[Data records — start]

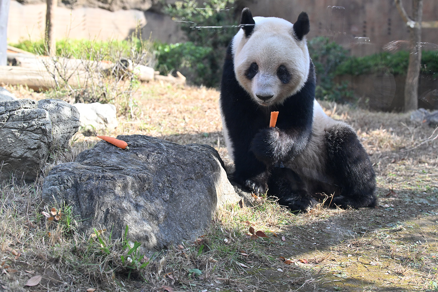 竹を少し食べたあとお庭に出てにんじんゲット。
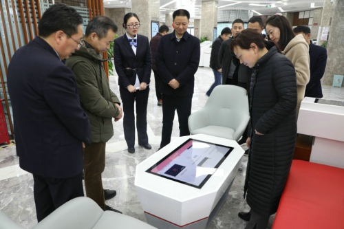 调研组一行首先来到商水农商银行阳城支行查看“普惠+数字”银行建设情况。阳城支行行长简要介绍该网点基本情况、服务理念后,引导调研组一行依次参观了普惠授信服务区、数字智能服务区、电子银行体验区、保管箱服务区、贵金属服务区等特色功能区,并详细介绍了每个功能区的作用和特点。调研组一行现场体验了智能导览台 、客户互动桌等智能设备,对该网点定位准确、理念前卫、设备先进、功能齐全、分区合理,为客户提供全方位的金融服务表示赞赏。
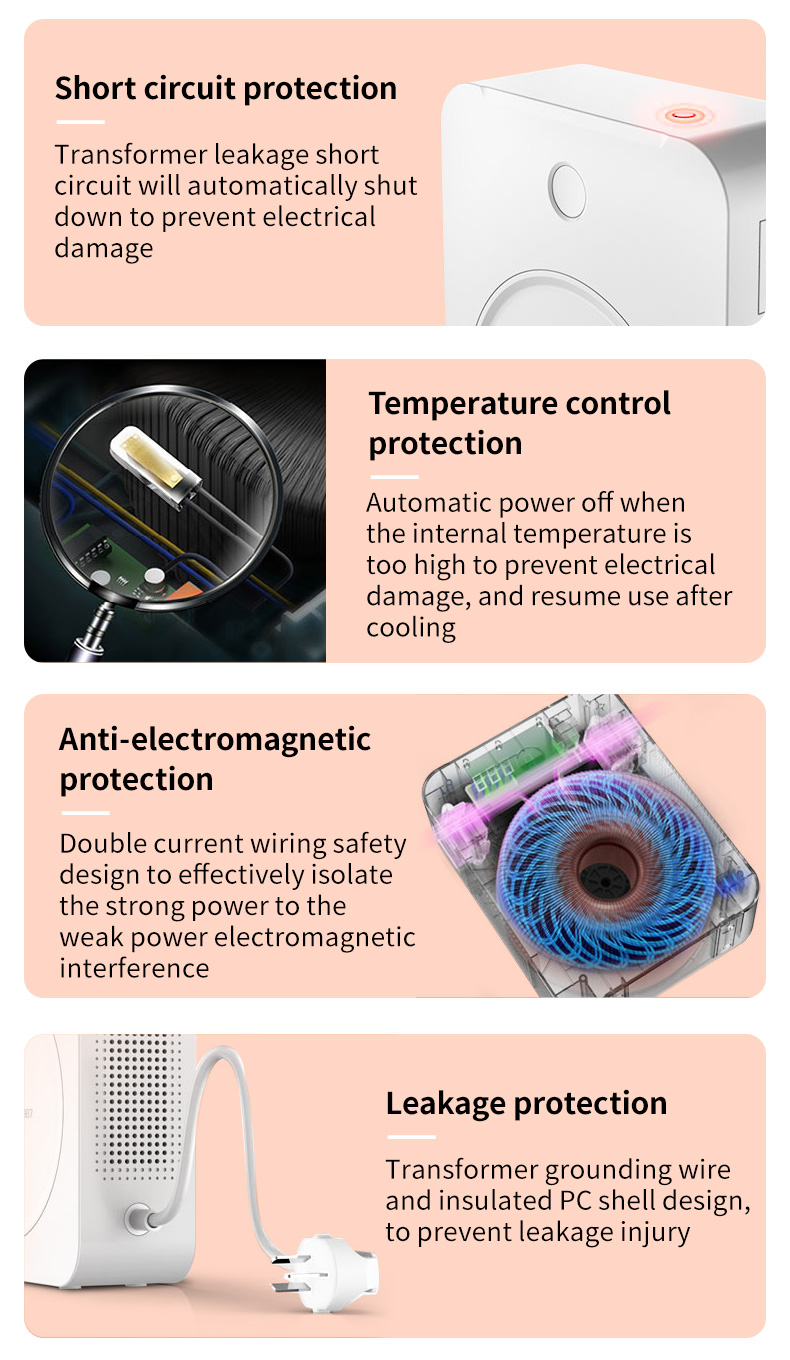 The shell and internal power cord of this voltage converter are all made of flame retardant materials, which greatly reduces the risk of fire during use. In addition to the flame retardant design, this transformer is also equipped with multiple protection devices such as temperature control protection, overload protection and short circuit protection. Together, these measures ensure safety during use and effectively prevent safety accidents caused by unstable voltage or overload.
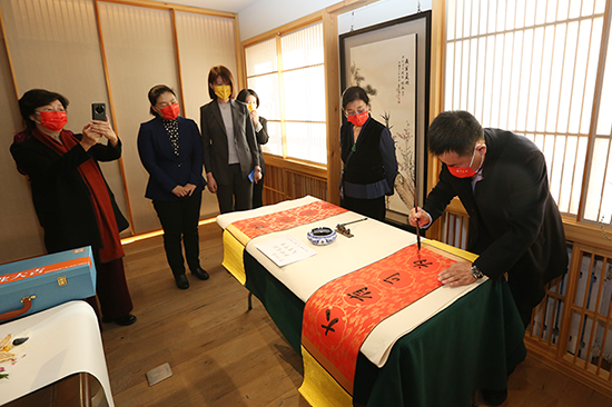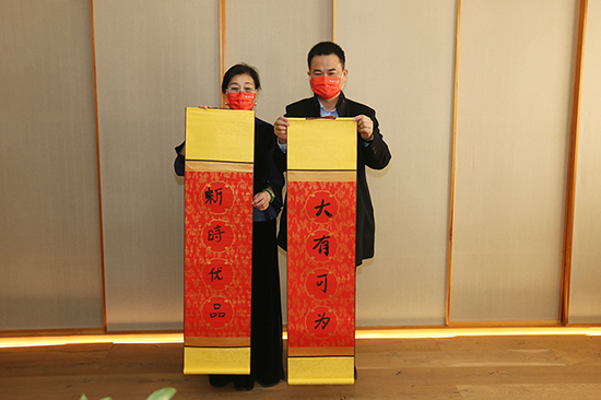 随后,杨少华副总经理、王宝玉总监、李恩泽主任、荆金梅女士、许亦青女士为新店开业剪彩。荆金梅女士和杨少华副总一起为新时优品健康管理服务中心写下“新时优品 大有可为”的祝福语,并与大家合影留念。
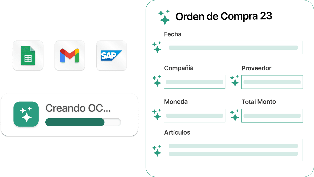 Crea órdenes de compra en segundos a partir de solicitudes, correos o plantillas, listas para enviar al proveedor y registrar en tu ERP.
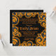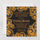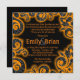 Parties scintillant orange noir damask tourbillon invitations mariage
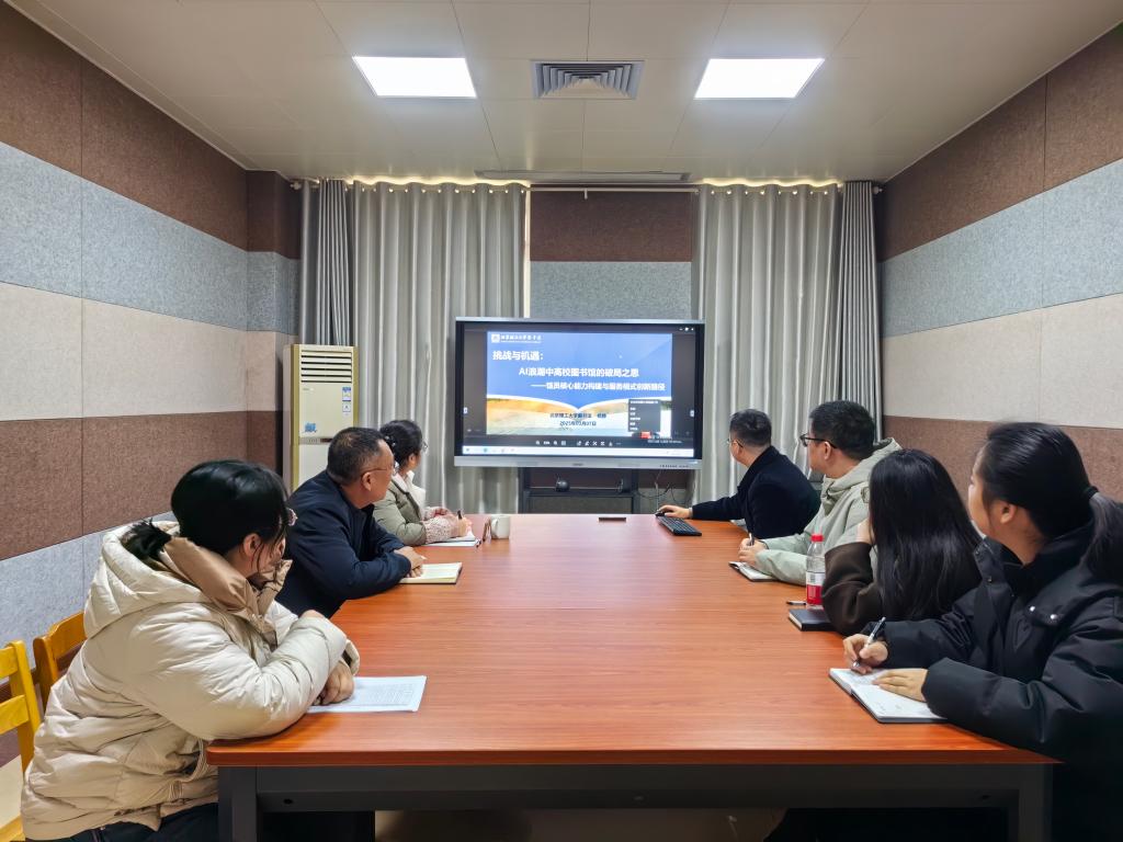 馆长谢晓明在总结讲话中指出:一是图书馆要立足服务学校学科建设发展方向,把握行业发展大势,不断加强传统文献资源建设的同时,强化知识服务体系的规划与设计,通过技术赋能与创新路径实现图书馆服务模式的转变,更好地适应数智时代的发展需求,提供更加智能化、个性化的服务;二是全体馆员要加强学习,不断更新专业知识储备,提升业务技能,实现图书馆管理与服务的更高站位和创新发展;三是AI技术的应用不仅是图书馆转型的关键,也是提升服务效能、满足师生多样化需求的重要抓手。
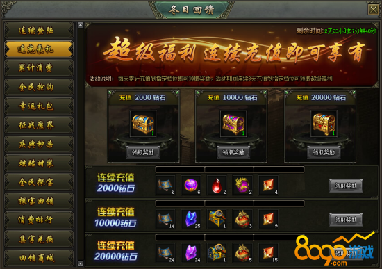活动说明:活动期间,每天累计充值到指定档位即可领取对应奖励,连续充值3天可领取连充大奖
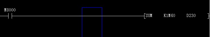 k1為一組,M40為首元件號(hào),4個(gè)為一組,即M40 M41 M42 M43,SUM是求置ON位總和指令,即M40-M43中有幾個(gè)置1,把個(gè)數(shù)放在Duidev30中

[Data records — finish]

> _What to work on_:
Word for word, output the lines from the line bearing "调研组一行首先来到商水农商银" through the end of the records above, and only those, without the pictures.

> _Task solution_:
 调研组一行首先来到商水农商银行阳城支行查看“普惠+数字”银行建设情况。阳城支行行长简要介绍该网点基本情况、服务理念后,引导调研组一行依次参观了普惠授信服务区、数字智能服务区、电子银行体验区、保管箱服务区、贵金属服务区等特色功能区,并详细介绍了每个功能区的作用和特点。调研组一行现场体验了智能导览台 、客户互动桌等智能设备,对该网点定位准确、理念前卫、设备先进、功能齐全、分区合理,为客户提供全方位的金融服务表示赞赏。
 The shell and internal power cord of this voltage converter are all made of flame retardant materials, which greatly reduces the risk of fire during use. In addition to the flame retardant design, this transformer is also equipped with multiple protection devices such as temperature control protection, overload protection and short circuit protection. Together, these measures ensure safety during use and effectively prevent safety accidents caused by unstable voltage or overload.
 随后,杨少华副总经理、王宝玉总监、李恩泽主任、荆金梅女士、许亦青女士为新店开业剪彩。荆金梅女士和杨少华副总一起为新时优品健康管理服务中心写下“新时优品 大有可为”的祝福语,并与大家合影留念。
 Crea órdenes de compra en segundos a partir de solicitudes, correos o plantillas, listas para enviar al proveedor y registrar en tu ERP.
 Parties scintillant orange noir damask tourbillon invitations mariage
 馆长谢晓明在总结讲话中指出:一是图书馆要立足服务学校学科建设发展方向,把握行业发展大势,不断加强传统文献资源建设的同时,强化知识服务体系的规划与设计,通过技术赋能与创新路径实现图书馆服务模式的转变,更好地适应数智时代的发展需求,提供更加智能化、个性化的服务;二是全体馆员要加强学习,不断更新专业知识储备,提升业务技能,实现图书馆管理与服务的更高站位和创新发展;三是AI技术的应用不仅是图书馆转型的关键,也是提升服务效能、满足师生多样化需求的重要抓手。
活动说明:活动期间,每天累计充值到指定档位即可领取对应奖励,连续充值3天可领取连充大奖
 k1為一組,M40為首元件號(hào),4個(gè)為一組,即M40 M41 M42 M43,SUM是求置ON位總和指令,即M40-M43中有幾個(gè)置1,把個(gè)數(shù)放在Duidev30中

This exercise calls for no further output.